Nanostructures out of the 3D printer

Technology News |
By Christoph Hammerschmidt

In the nanometer range, complex, free-standing 3D architectures are very difficult to produce due to the required precision. A research team from the Christian Doppler Laboratory for the direct fabrication of 3D nanoprobes at Graz University of Technology has now further developed the technology in such a way that even complex three-dimensional nanostructures can be controlled and, above all, produced predictably. The scientists used Focused Electron Beam Induced Deposition (FEBID), which is already successfully used in the production of complex, but often flat nanostructures.

The individual layers, which are applied with the aid of FEBID-based 3D printing, adhere to almost any material and surface condition. On the one hand, this saves time. On the other hand, it also enables fabrication on uneven or rough surfaces. “This type of 3D nanoprinting opens up completely new playgrounds for science and industry,” enthuses Harald Plank, head of the CD laboratory.

With the new technology, tasks can be solved in the future where alternative nanofabrication methods such as electron beam lithography have so far failed. In purely theoretical terms, Plank explains, the new method can even be used to produce nanostructures on a pencil tip.

The method will be used in cooperation with industrial partners GETec Microscopy (Vienna) and Anton Paar GmbH (Graz) in the field of atomic force microscopy for the production of measuring probes with peak radii of less than 10 nanometres.

The printing process takes place in the vacuum chamber of electron microscopes. The functional gases are introduced with a fine needle near the sample. The gaseous molecules then adsorb on the surface and are chemically split and immobilised by the focused electron beam – they therefore remain in place through interaction with the electron beam.

Plank and his team were inspired by Lego bricks to print inclined structures: “In order to build an inclined architecture from Lego, the next higher layer of bricks must always be moved slightly. This is exactly what we have transferred to 3D nanoprinting: Before applying the next layer, we shift the electron beam and thus literally print diagonally upwards.”

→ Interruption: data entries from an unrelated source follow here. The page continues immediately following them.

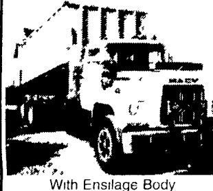
With Ensilage Body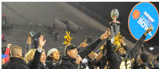
Making its FBS postseason debut, App State rallied from a 24-7 deficit and kicked a 23-yard field goal as time expired in a 31-29 win against Ohio in the Camellia Bowl in Montgomery, Ala.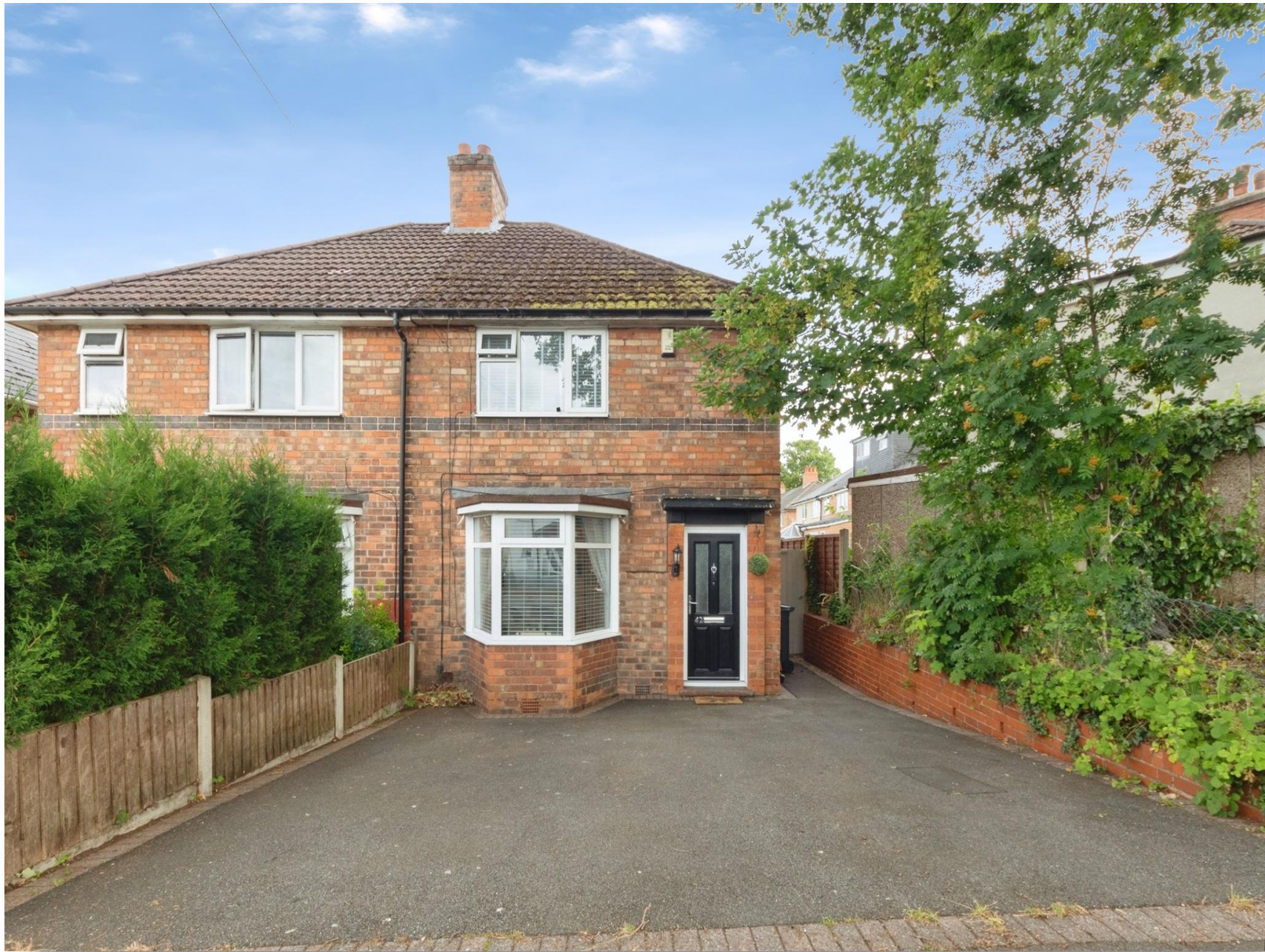
Ravenshill Road, BIRMINGHAM B14 4HL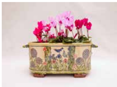
WINFREY Katherine ( Cambridgeshire )

johnwestatlansdown.co.uk info@lansdownpottery.co.uk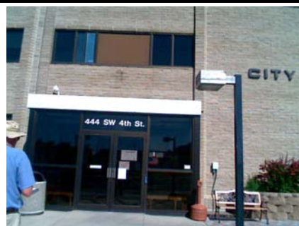
W Elevation View

To ensure that the new process does not remain a niche technology, the researchers in the CD laboratory want to develop a new software for 3D nanoprinting as the next step, with which complex nanostructures can be printed even without broad prior knowledge. Plank and his team have joined forces with the Oak Ridge National Laboratories (USA) and the Institute of Physics at the Goethe University Frankfurt (GER), which together with Graz University of Technology are among the leading research institutions in this field. This project also focuses on the extension of the process to 3D surfaces and multi-material structures in order to further increase the functionality and thus also the relevance of this technology in research and development.